### Problem to work on
What you return must match the data below exactly, minus any pictures.

### Dataset content
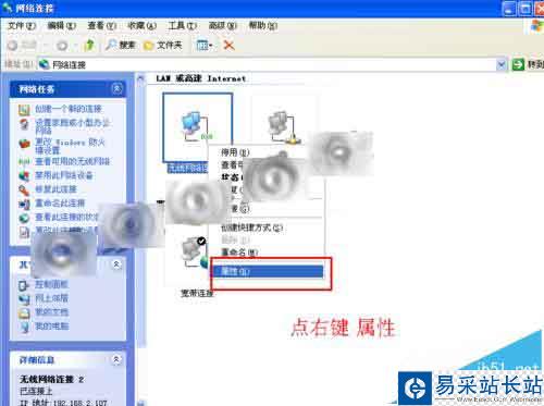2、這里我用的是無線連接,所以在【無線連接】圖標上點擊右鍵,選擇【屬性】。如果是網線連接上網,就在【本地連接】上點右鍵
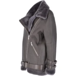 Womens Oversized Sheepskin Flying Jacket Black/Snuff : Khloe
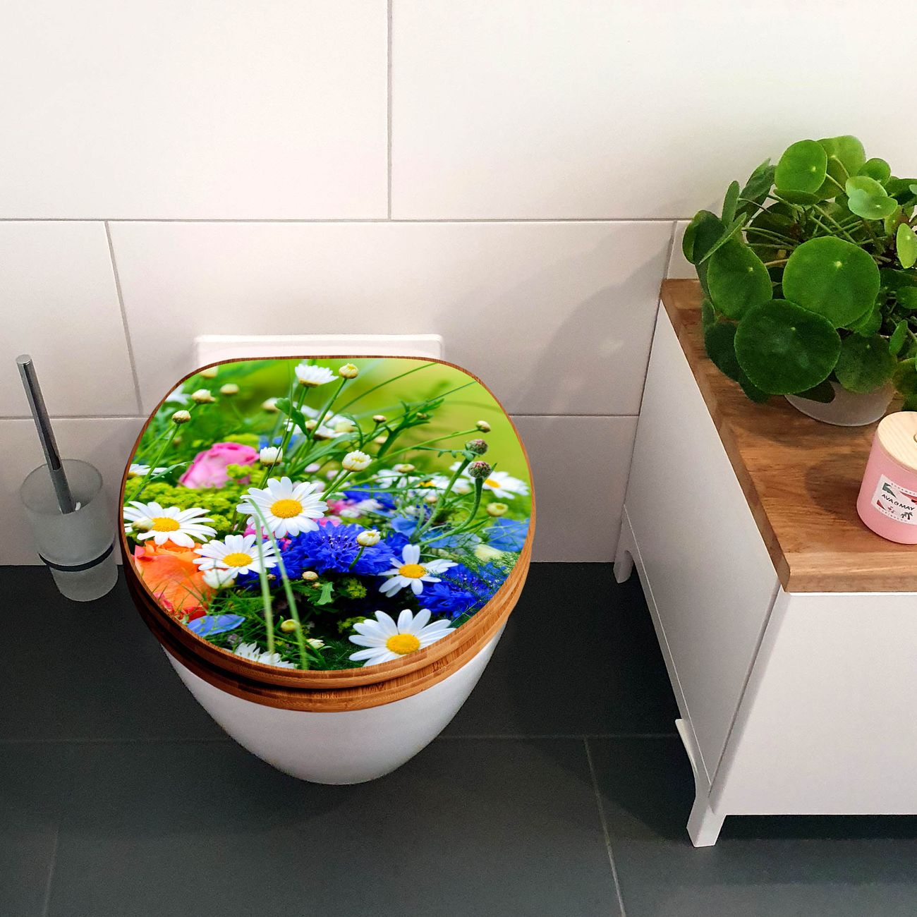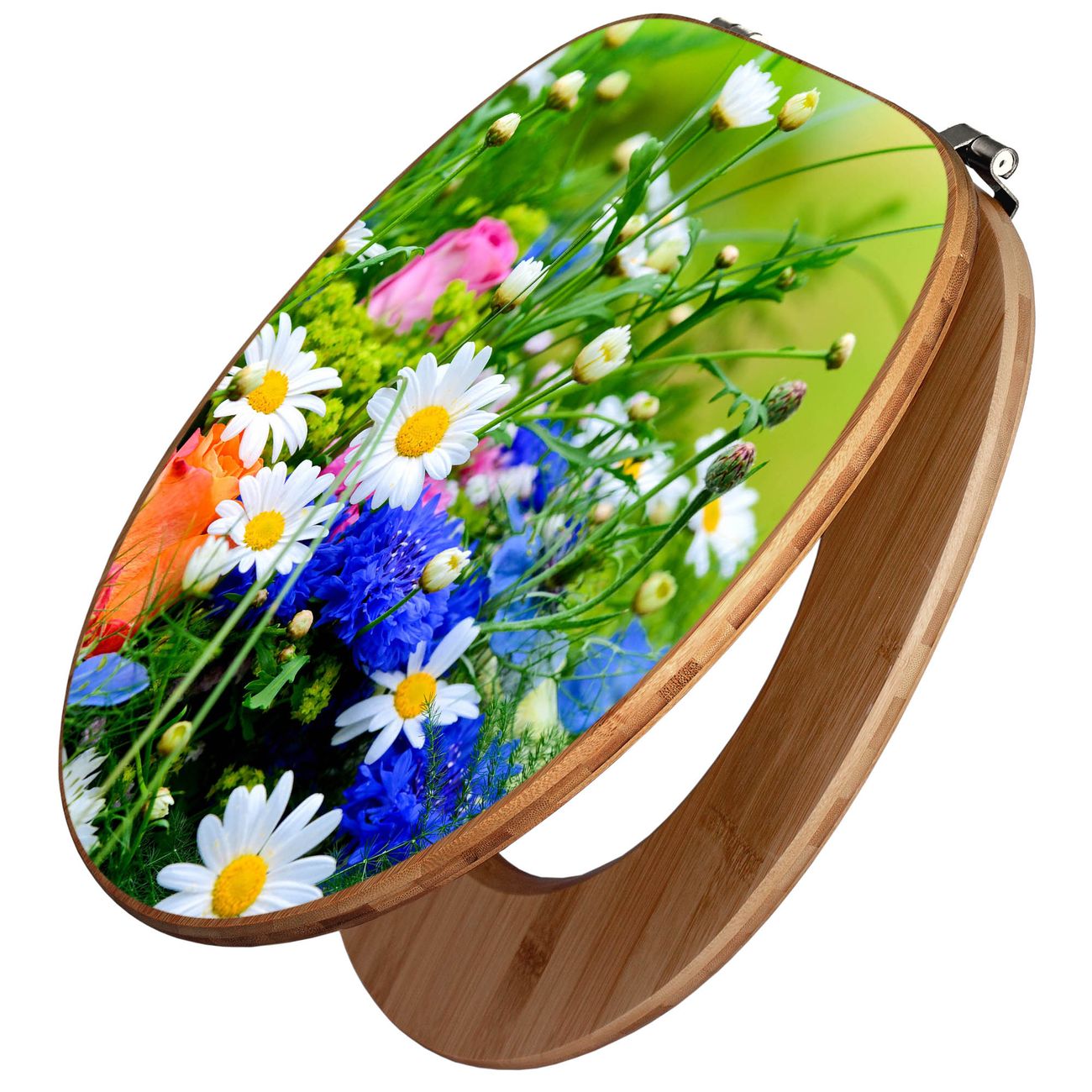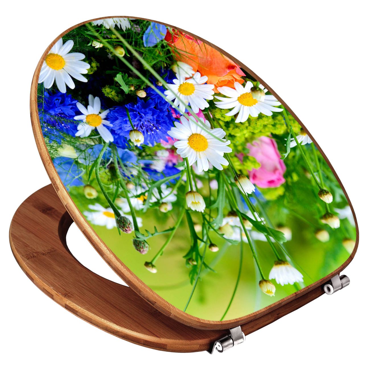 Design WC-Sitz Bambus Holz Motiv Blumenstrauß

### Answer to this problem
2、這里我用的是無線連接,所以在【無線連接】圖標上點擊右鍵,選擇【屬性】。如果是網線連接上網,就在【本地連接】上點右鍵
 Womens Oversized Sheepskin Flying Jacket Black/Snuff : Khloe
 Design WC-Sitz Bambus Holz Motiv Blumenstrauß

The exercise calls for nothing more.